本ランキングは、総人口に占める外国人住民の割合(%)を都道府県別に1980年から国勢調査ベースで収録したものです。

データから読み取れる傾向

最新年の首位は東京(3.44%)だが、このランキングの特徴は2位以下に愛知(3.07%)・群馬(2.76%)・三重・岐阜と、大都市以外の製造業集積県が並ぶことだ。これらの県には自動車・電機などの工場が多く、技能実習生や日系人労働者を受け入れてきた歴史がある。群馬の大泉町のように、特定の市町村に外国人コミュニティが形成された例も知られる。

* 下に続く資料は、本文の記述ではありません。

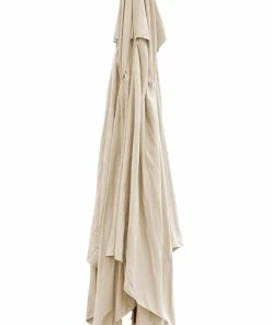 Der massive Holzmast und die mit Aluminium verstärkte Verstrebung tragen zu einem sicheren Stand bei. Durch das Winddach kann die Luft zirkulieren und der Schirm wird nicht zum gefährlichen Windfang. Auch bei einem leichten Regenschauer können Sie in Ruhe sitzen bleiben. Dafür sorgt der wasserabweisende Stoff aus gewebtem Polyester (Spun Poly). Dieser ist gegenüber einem normalen Polyester-Baumwollgemisch doppelt so langlebig, formstabil, atmungsaktiv, waschbar und muss nicht gebügelt werden. Das Mastende ist durch eine ca. 40 cm lange Aluminiumhülse ummantelt, welche ein Eindringen von Feuchtigkeit in das Holz verhindert. Der Schirm ist damit sowohl in einer Bodenhülse, als auch in einem Schirmständer bedenkenlos nutzbar.

1980年時点の首位は大阪(1.99%)で、当時は在日コリアンの集住が外国人人口の中心だった。それが平成以降、製造業の労働力需要を背景に中部・北関東へと地図が描き替えられた。最下位は秋田(0.38%)・青森・岩手で、東北は一貫して低い。編集部としては、この40年の順位変動は、日本の外国人受け入れが『歴史的な集住』から『労働力としての受け入れ』へと性格を変えてきた過程をそのまま映していると考えている。

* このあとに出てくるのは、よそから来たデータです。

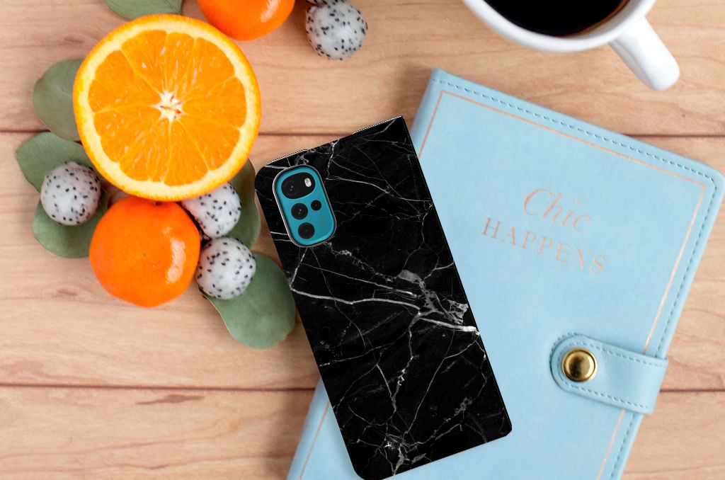Dit design hoesje met Marmer Zwart is voor de artistieke personen onder ons. De Grieken en Romeinen wisten het materiaal al te waarderen door het in de bouw toe te passen. Naast het witte marmer met haar zacht grijze geaderde belijning zijn de diverse soorten in een gevarieerd kleurenpallet te krijgen. We hebben mooie kleuren op design hoesjes gezet, zoals in dit geval zwart marmer. Dit is een Motorola Moto G22 Standcase met marmer in zwarte kleur. Het marmer wordt bedrukt op alle zijden van een stand case, die beschikt over 1 vakje voor een pasje en een magnetische sluiting aan de binnenzijde. Verder heeft de hoes een houder van TPU. De rijkdom aan kleuren en varianties in afwerking geeft ontwerpers de vrijheid om met marmer hele mooie architectonische projecten te realiseren. Wij hebben onze ontwerper tevens veel vrijheid gegeven. Het resultaat zie je terug in deze stand case met zwart marmer, dat de ideale bescherming voor jouw smartphone biedt.

47都道府県の平均を国勢調査9回分で並べると、増え方が一定でないことがわかる。1980年0.39%、1985年0.40%とほとんど動かず、1990年に0.47%、1995年0.64%、2000年0.78%、2005年0.93%と上がったあと、2010年0.96%、2015年0.99%とふたたび足踏みする。そして2015年から2020年にかけて1.40%へ一気に跳ねた。制度と景気の変わり目が、5年刻みの点の間隔にそのまま刻まれている。

足踏みの中身を県別に見ると、動きの正体が見えてくる。2005年から2010年にかけて11県、2010年から2015年にかけては18県で割合が下がった。静岡は1.86%から1.64%・1.61%へ、三重は1.83%から1.77%・1.73%へ、岐阜も1.75%から1.74%へ下げている。いずれも製造業の集積する県で、工場の雇用が縮んだ時期に外国人住民の割合も下がった形だ。同じ時期に東京は1.97%から2.42%・2.80%へ上げ続けており、都市部と製造業県では動き方が逆になっている。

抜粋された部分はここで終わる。